Loot Boxes: Diving Deep Into The Numbers Behind Overwatch’s Items And Unlockables

fps, overwatch, blizzard, loot box, revenue, micro transactions
The now iconic sight of a loot box just waiting to be opened.

The Microtransactions of Overwatch

With many new online games hitting shelves these days, a common sight that tends to be included with them in the option to purchase in-game content through a variety of ways. One the most common however, is through a marketplace or shop.

When Overwatch was announced, it wasn’t a surprise to see that this formula would be present in Blizzard’s new battle-arena FPS. What was surprising however, was that while free to play games like League of Legends or SMITE tend to make their microtransactions cost more money over the long term, Overwatch rewards its players with their in-game loot boxes at every possible turn.

From leveling up your account, to weekly rewards or just logging in during specific seasonal events, Overwatch took that laborious chore of either shelling out cash or farming for huge periods of time and found a near perfect happy median between them both.  

Dangling the Carrot of Loot Box After Loot Box

As seen in the video above from Muselk’s YouTube channel, players and fans of the game get a lot of enjoyment out of one of the most simplistic reward systems in gaming history.

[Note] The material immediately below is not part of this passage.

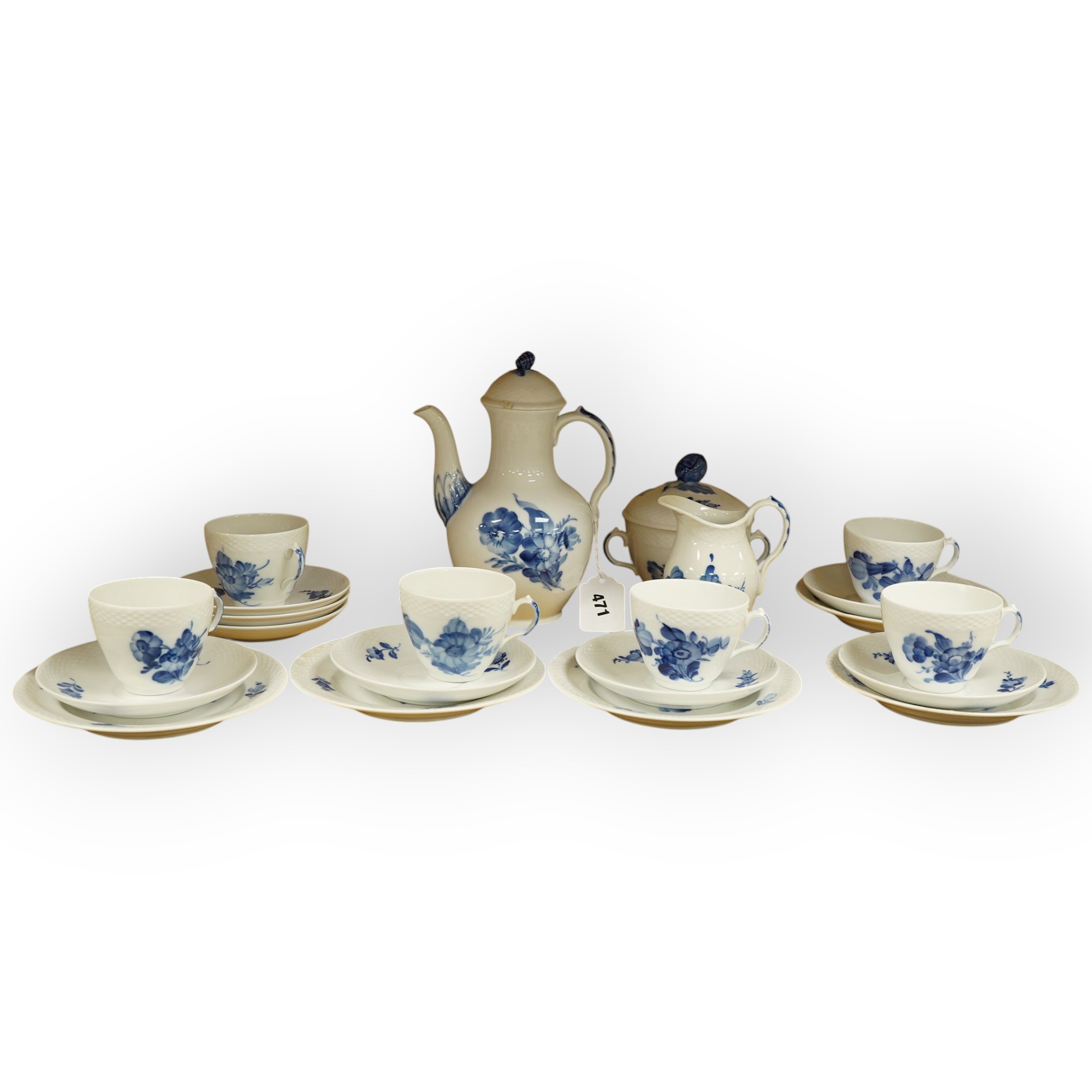 Lot 471 , A Royal Copenhagen blue and white floral part coffee set to include coffee pot, milk jug and trios
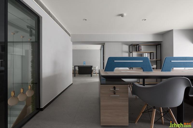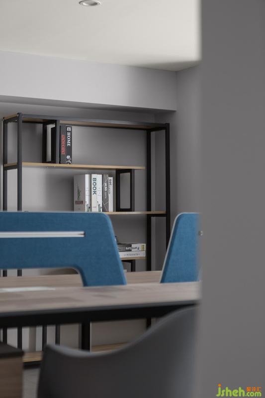 二樓辦公區(qū) 統(tǒng)一的現(xiàn)代設計風格,色調大氣,線條簡潔,局部的藍給人穩(wěn)重舒適感。線條簡約的書架,讓空間落落大方。

With over 30 million active players at this point, Overwatch has seen great success come from the microtransaction / reward system in place in terms of revenue and player reaction. Because everything unlocked is based on just playing the game itself, Blizzard gives its players all the reason to just play Overwatch with how many ways there are to unlock loot boxes and get to the goodies with them.

Because seasonal events that have ushered with them multiple character skins, emotes, sprays and profile logos, the system for always giving players something to strive for has been a self-sustaining one that keeps both developers and players satisfied to the highest level. With many of these specific boxes coming during those events for a limited time, players feel a sense of urgency and rush to play as much as they can before the time runs out.

The Halloween event-themed loot boxes gave players a limited window to unlock the goodies within.

The Proof is in the Players

With loot boxes also being purchasable in bulk via real currency, it’s easy for Blizzard to sit back and look at the numbers relative to the boxes players acquire without spending a penny.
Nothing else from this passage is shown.